Page added on May 15, 2008
I wonder if much of the debate about the run-up of oil prices could be resolved simply by looking at this graph.
Graph:
World Oil Supply & Demand (all liquids) from 2003-2007
Source: EIA supply and demand data
As you can see, world oil demand surpassed the available supply in 2007. Demand rose 7.51% during period shown while supply only rose 6.26%, with all of that increase occurring in 2003-2004. The EIA demand numbers measure the quantity of oil demanded. When the quantity demanded exceeds supply, the extra consumption must be met by draws on inventories.
[…]
I put together a non-OPEC forecast for 2008/2009 a few months ago and I’m already prepared to revise it downward. (ASPO-USA, February 20, 2008—I was critiquing the EIA’s much more optimistic estimates.)
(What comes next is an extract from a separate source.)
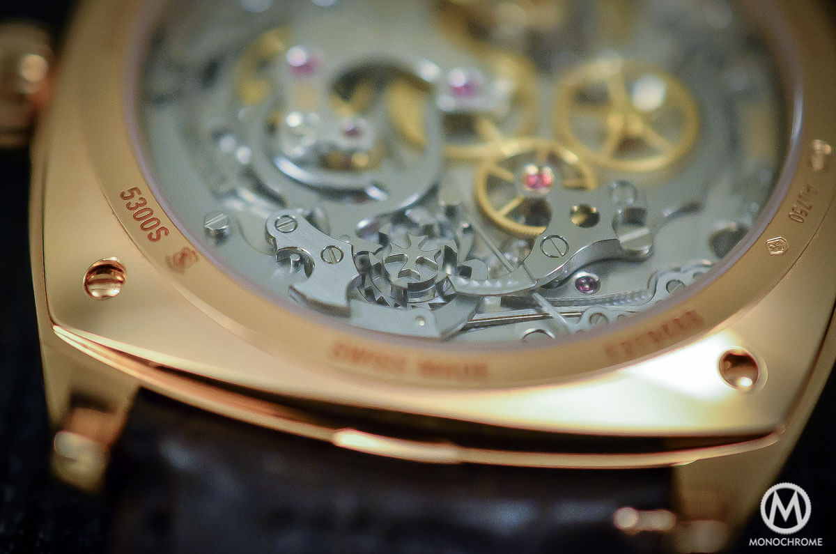 Again, as its 1928 source of inspiration, the Vacheron-Constantin Harmony Chronograph features a cushion-shaped case (here made of 18k rose gold). The lugs are fully integrated in the casebands without any discontinuance, creating a smooth profile but also a rather bulky shape. Considering that the watch measures 42 mm x 52 mm, 12.81 mm, a bit of thinness (or a separation between the case and the lugs) would have been pleasant, in order to lighten the case. However, the Harmony remains an elegant and classy chronograph that will be perfectly usable with dressy attires – a feeling that the monopusher constructions emphasizes.

Flatland (graph left) does not include OPEC natural gas liquids, which is the normal accounting method. The source is the current EIA all liquids data from the beginning of 2007 through April of 2008. The scale intentionally de-emphasizes insignificant monthly differences, which are the only kind of differences there are in the last 16 months for the countries shown and non-OPEC liquids as a whole.
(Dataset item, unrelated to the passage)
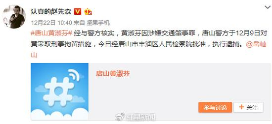 22日上午10点40,受害者儿子赵勇在其个人微博@认真的赵先森 上发布微博称,“经与警方核实,黄淑芬因涉嫌交通肇事罪,唐山警方于 12 月 9 日对黄采取刑事拘留措施,今日经唐山市丰润区人民检察院批准,执行逮捕。”

Russia was chosen because their production has been the primary driver of non-OPEC liquids growth in the 21st century. Russian production is flat.
China was chosen because anything they can not produce themselves puts additional pressure on the world oil markets. Chinese production is flat.
Brazil1 was chosen because this deepwater superstar is supposed to be the main driver of non-OPEC growth in 2008 and 2009. Brazilian production is flat.
We can not depend on OPEC, so we can expect only modest rises in the oil supply in 2008. Things don’t look promising so far, do they?